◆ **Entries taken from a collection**
..............................
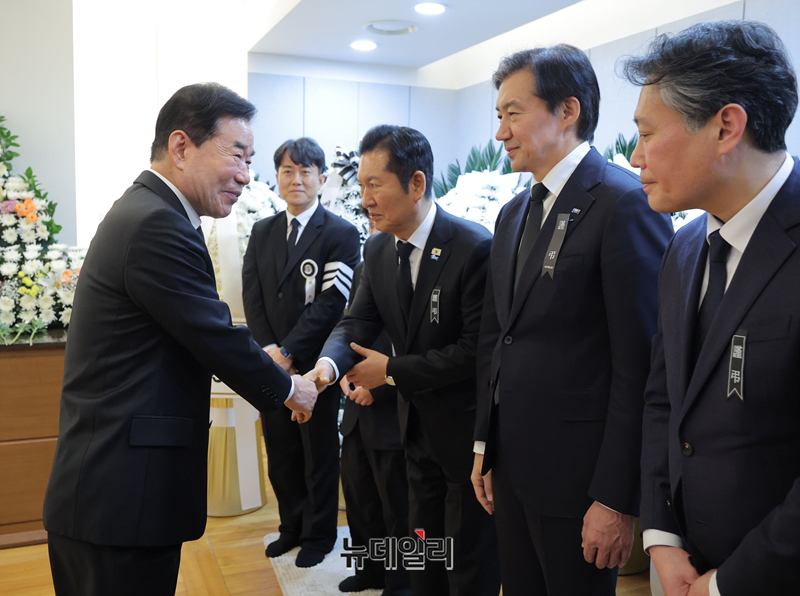 김진표 전 국회의장이 28일 서울 종로구 서울대학교병원 장례식장에 마련된 고 이해찬 전 국무총리의 빈소에서 조문을 하고 있다. 2026.1.28 사진공동취재단
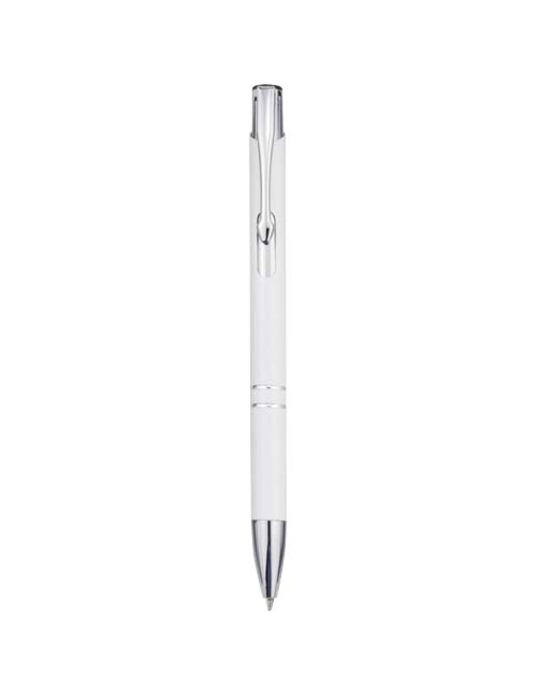 Bolígrafo de aluminio reciclado con acabado lacado, brillo pulido y llamativos detalles cromados. El aluminio reciclado disminuye la cantidad de residuos en los vertederos y ayuda a conservar los recursos naturales con el objetivo de reducir las emisiones de gases de efecto invernadero. Color de la tinta: Azul. Longitud de escritura: 1000 metros. Tamaño del plumín: 1,00 mm.
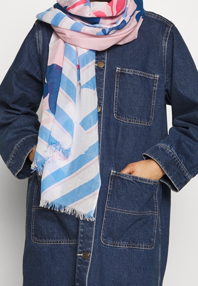 Personne portant une veste en denim bleu avec des poches avant et une écharpe rayée pastel rose, bleue et blanche drapée autour du cou.
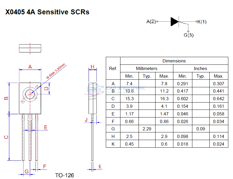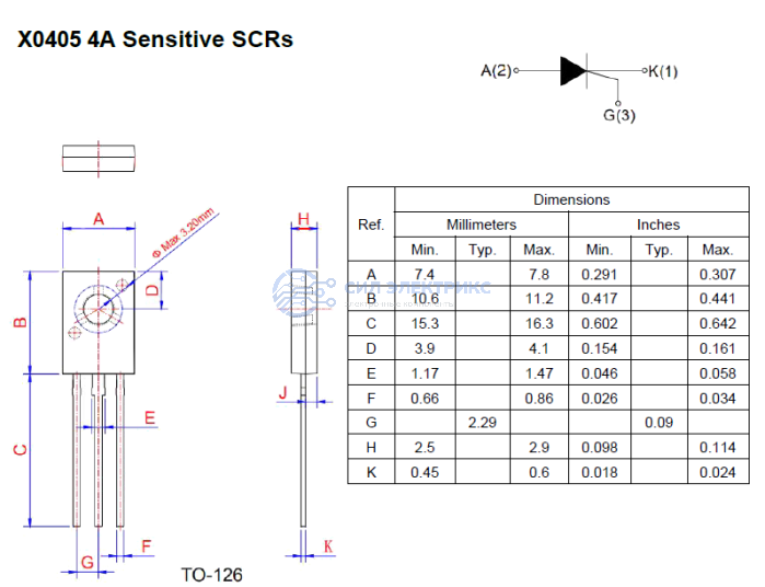 Низковольтный тиристор X0405MQ, 600 В, 4 А, корпус TO-92
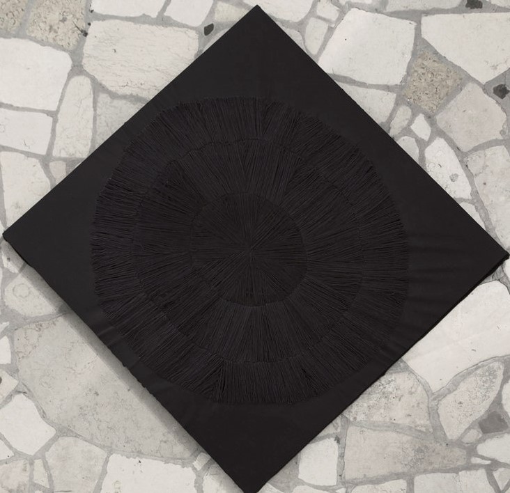 מימי טסמה עוסקת בזהות האתיופית שלה, כשהיא מותחת חוטים שחורים על קירות בין מסמרים ויוצרת מהם דגם שמתכתב עם דגמי הרקמה האתיופית המסורתית. אצל מימי ה”רקמה” היא בחוט שחור.  היא מצמצמת את הפלטה הצבעונית שלה ובוחרת בהתרסה להנכיח את השחור, וגם הבד עליו היא רוקמת הופך לשחור. הצמצום הצבעוני מוביל לצמצום צורני לקווים, ולרשתות מעוינים. דגם המעוינים מאזכר סורגים וגדרות, מחיצה, גדר גבול שמפריעה ומנתבת את מהלך הצופה בחלל. זוהי פעולה כוחנית, כמו גם עבודת דפיקת המסמרים בקיר. הדגם האתיופי הפולקלוריסטי, הרקמה הנשית, הפך לגריד המערבי, המופשט והגיאומטרי, הכוחני והגברי.
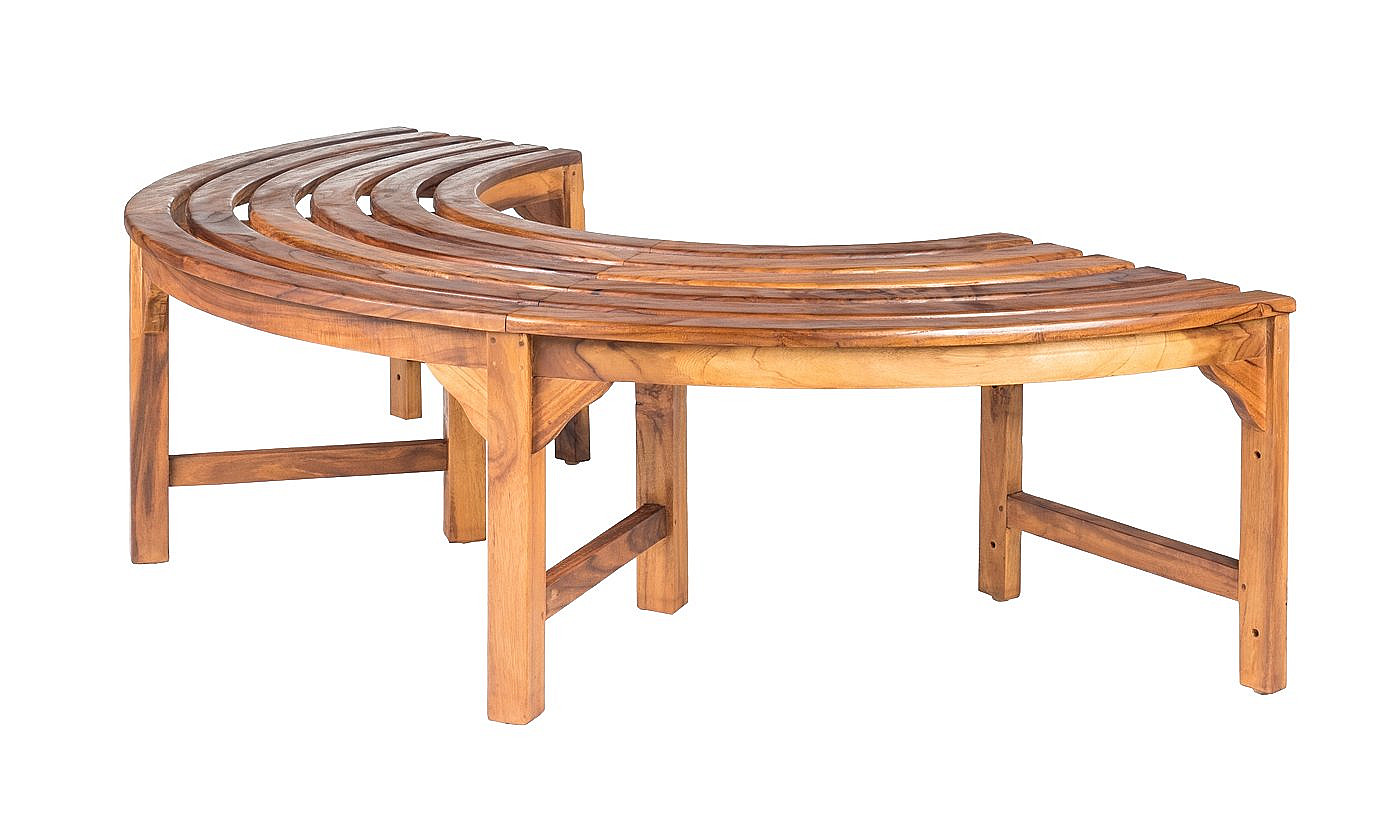Záhradná stromová lavica AGNES III z kvalitného jadrového teaku. Precízne spracovaná drevená lavica z teaku s vnútorným priemerom 95 cm. Vhodná ako lavička okolo stromov. Vďaka použitiu stolárskych kolíkov je táto nádherná lavica pevná a stabilná. Celý kruh okolo stromu vytvorí dva kusy. Náš záhradný nábytok je určený hlavne na vonkajšie použitie. Ošetrené teakovým olejom. Na prianie zákazníka je možné dodať aj v prírodnej neošetrenej verzii. V našej ponuke nájdete aj stromovú lavicu Agnes s oporným chrbtom. Cena je za jeden polkruh.
..............................
◆ **Task to complete**
Each record above must be set down again unchanged, with its pictures left out.

◆ **Answer space**
 김진표 전 국회의장이 28일 서울 종로구 서울대학교병원 장례식장에 마련된 고 이해찬 전 국무총리의 빈소에서 조문을 하고 있다. 2026.1.28 사진공동취재단
 Bolígrafo de aluminio reciclado con acabado lacado, brillo pulido y llamativos detalles cromados. El aluminio reciclado disminuye la cantidad de residuos en los vertederos y ayuda a conservar los recursos naturales con el objetivo de reducir las emisiones de gases de efecto invernadero. Color de la tinta: Azul. Longitud de escritura: 1000 metros. Tamaño del plumín: 1,00 mm.
 Personne portant une veste en denim bleu avec des poches avant et une écharpe rayée pastel rose, bleue et blanche drapée autour du cou.
 Низковольтный тиристор X0405MQ, 600 В, 4 А, корпус TO-92
 מימי טסמה עוסקת בזהות האתיופית שלה, כשהיא מותחת חוטים שחורים על קירות בין מסמרים ויוצרת מהם דגם שמתכתב עם דגמי הרקמה האתיופית המסורתית. אצל מימי ה”רקמה” היא בחוט שחור.  היא מצמצמת את הפלטה הצבעונית שלה ובוחרת בהתרסה להנכיח את השחור, וגם הבד עליו היא רוקמת הופך לשחור. הצמצום הצבעוני מוביל לצמצום צורני לקווים, ולרשתות מעוינים. דגם המעוינים מאזכר סורגים וגדרות, מחיצה, גדר גבול שמפריעה ומנתבת את מהלך הצופה בחלל. זוהי פעולה כוחנית, כמו גם עבודת דפיקת המסמרים בקיר. הדגם האתיופי הפולקלוריסטי, הרקמה הנשית, הפך לגריד המערבי, המופשט והגיאומטרי, הכוחני והגברי.
Záhradná stromová lavica AGNES III z kvalitného jadrového teaku. Precízne spracovaná drevená lavica z teaku s vnútorným priemerom 95 cm. Vhodná ako lavička okolo stromov. Vďaka použitiu stolárskych kolíkov je táto nádherná lavica pevná a stabilná. Celý kruh okolo stromu vytvorí dva kusy. Náš záhradný nábytok je určený hlavne na vonkajšie použitie. Ošetrené teakovým olejom. Na prianie zákazníka je možné dodať aj v prírodnej neošetrenej verzii. V našej ponuke nájdete aj stromovú lavicu Agnes s oporným chrbtom. Cena je za jeden polkruh.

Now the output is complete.